↓↓↓

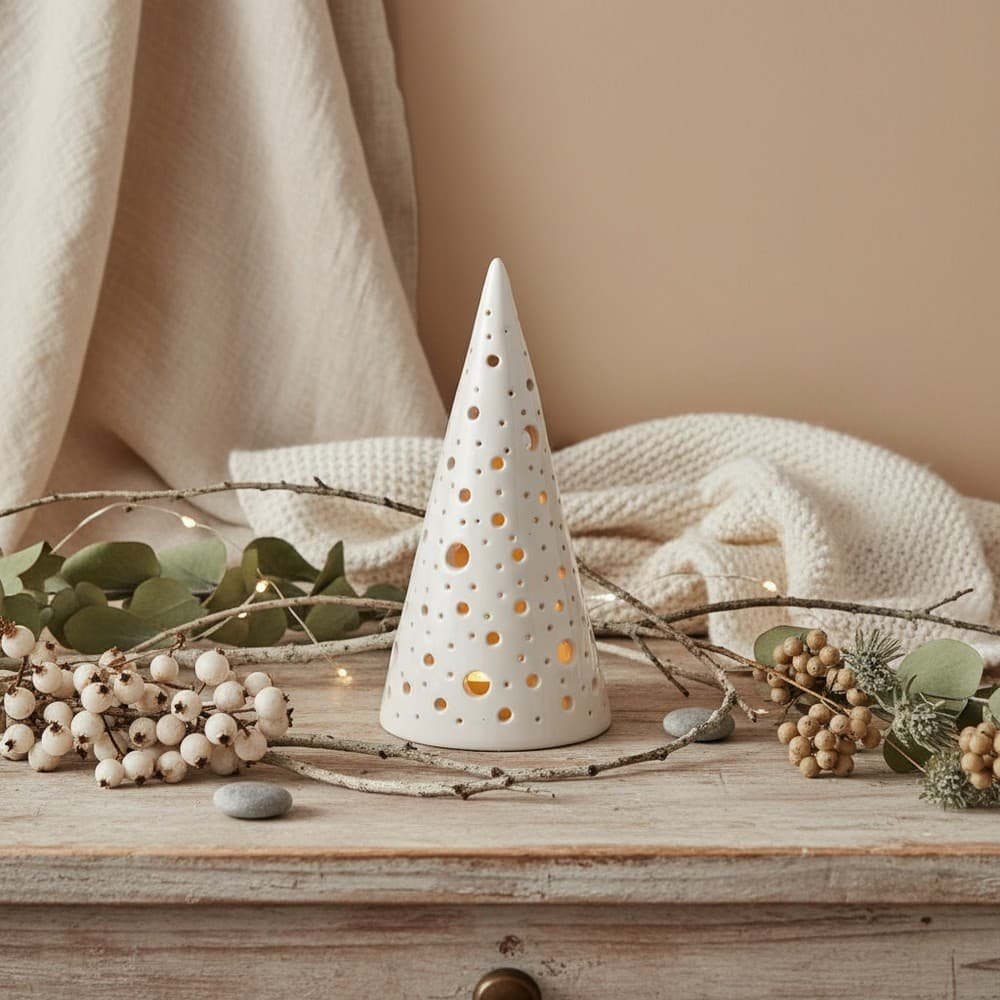 Ένα μοναδικό χειροποίητο κεραμικό δέντρο που συνδυάζει τη γιορτινή ατμόσφαιρα με τη ζεστασιά του φωτός κεριού. Το κωνικό σχήμα του με τις διάτρητες οπές σε διάφορα μεγέθη δημιουργεί ένα μαγευτικό παιχνίδι φωτός και σκιάς, εκπέμποντας απαλή λάμψη που θυμίζει τη νυχτερινή μαγεία των Χριστουγέννων.
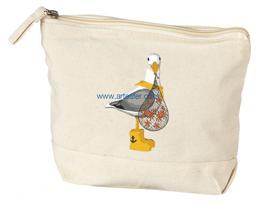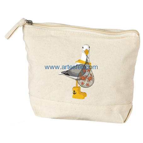 Estás aquí: Productos > Textil nautico > Bolsas y capazos > Neceser "gaviota con red de pesca en el pico"
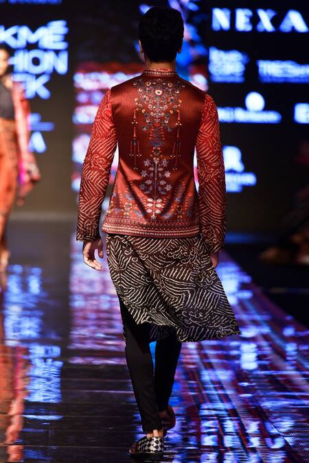Buy_Rajdeep Ranawat_Red Silk Bandhej Kurta_at_Aza_Fashions
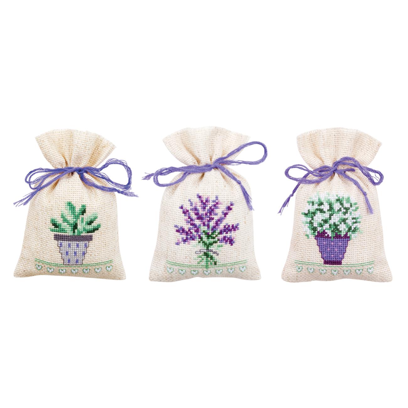 - Set of 3 gift or pot-pourri bags with counted cross stitch designs. Kit includes: 14 count, ecru, linen-look, pre-finished, aida fabric bags; pre-sorted, stranded cotton threads; needle; large-square charted design; frontsheet picture; instructions in 8 languages (EN, NL, FR, GER, IT, SP, RU, SW).
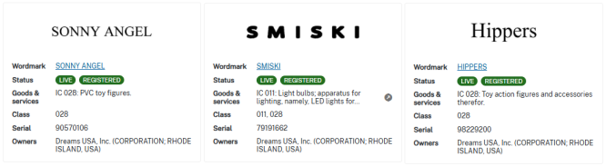 SONNY ANGEL、SMISKI、HIPPERS三个商标注册在28类,有卖相关产品的卖家切勿擅用:
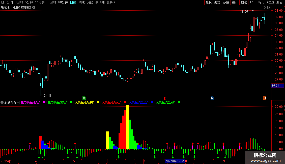 洗盘:STICKLINE(VAR5<REF(VAR5,1),0,VAR5,7,0),COLORGREEN; 主力进场阳:STICKLINE(VAR5>REF(VAR5,1) AND C>O,0,VAR5,7,0 ),COLORYELLOW;

↑↑↑

Work item —
Working from the line containing "SONNY ANGEL、SM" to the last line of the data, retype every line exactly, both ends included, and leave out all pictures.

Task result —
 SONNY ANGEL、SMISKI、HIPPERS三个商标注册在28类,有卖相关产品的卖家切勿擅用:
 洗盘:STICKLINE(VAR5<REF(VAR5,1),0,VAR5,7,0),COLORGREEN; 主力进场阳:STICKLINE(VAR5>REF(VAR5,1) AND C>O,0,VAR5,7,0 ),COLORYELLOW;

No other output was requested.